Drummer Bill Kreutzmann, best known as the steadfast heartbeat of the Grateful Dead from 1965 to 1995, has devoted his life to stretching and surpassing the percussive limits of music. Armed with his signature dynamic rhythm and uncanny subtly, Kreutzmann’s lifetime pursuit has garnered him the reputation as an unequivocal, if enigmatic, backbeat.
Enigmatic because, during his four decade career with the Grateful Dead, and even since then, Kreutzmann has let his sweet rhythm and undeniable musical charisma do the talking. And that’s right where he’s most comfortable. He and fellow Grateful Dead percussionist Mickey Hart (who joined Kreutzmann and the band in 1967, making the Grateful Dead the first rock band to have two drummers), were together known as the “Rhythm Devils” due to their ability to send audiences into paroxysms of polyrhythmic ecstasy.

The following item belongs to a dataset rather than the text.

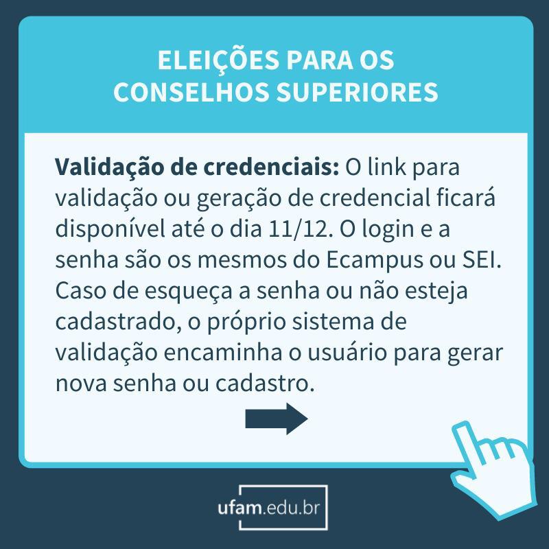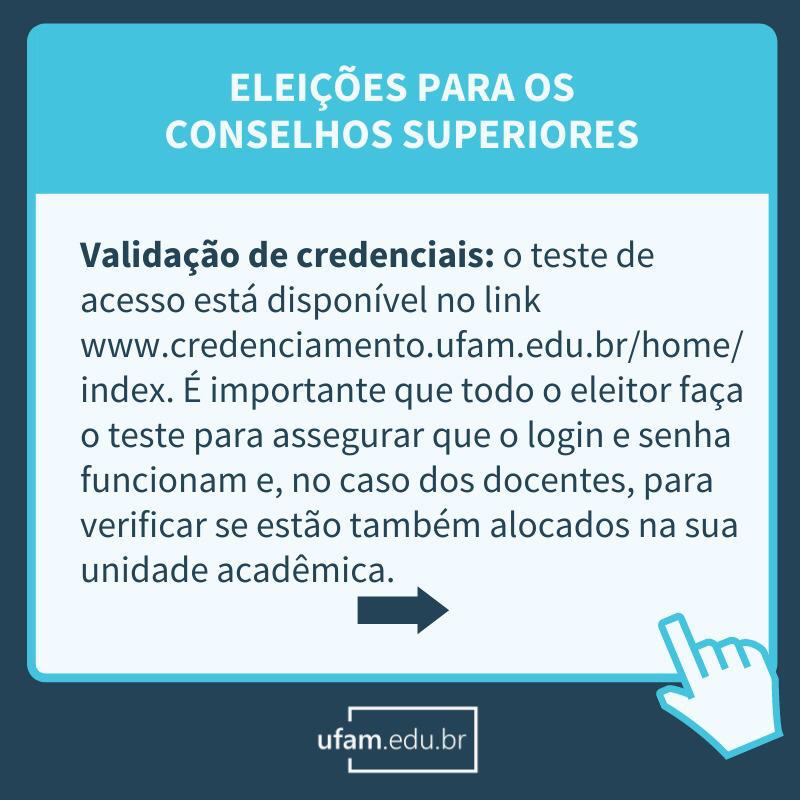 Validação de credenciais: está disponível neste link (https://credenciamento.ufam.edu.br/home/index) o teste de acesso. É importante que todo o eleitor faça o teste para assegurar que o login e senha funcionam e, no caso dos docentes, para verificar se estão também alocados na sua unidade acadêmica. O link para validação ou geração de credencial ficará disponível até o dia 11/12.

If such a thing as a psychedelic style of drumming exists, Kreutzmann arguably defined in all its extended percussive energy. His preference for a shuffle rhythm, he reckons in retrospect, is rooted in an early passion for the music of Fats Domino and Ray Charles. “I like to turn corners rapidly,” Bill says. “I like to establish a feeling and then add radical or oblique juxtapositions to that feeling.”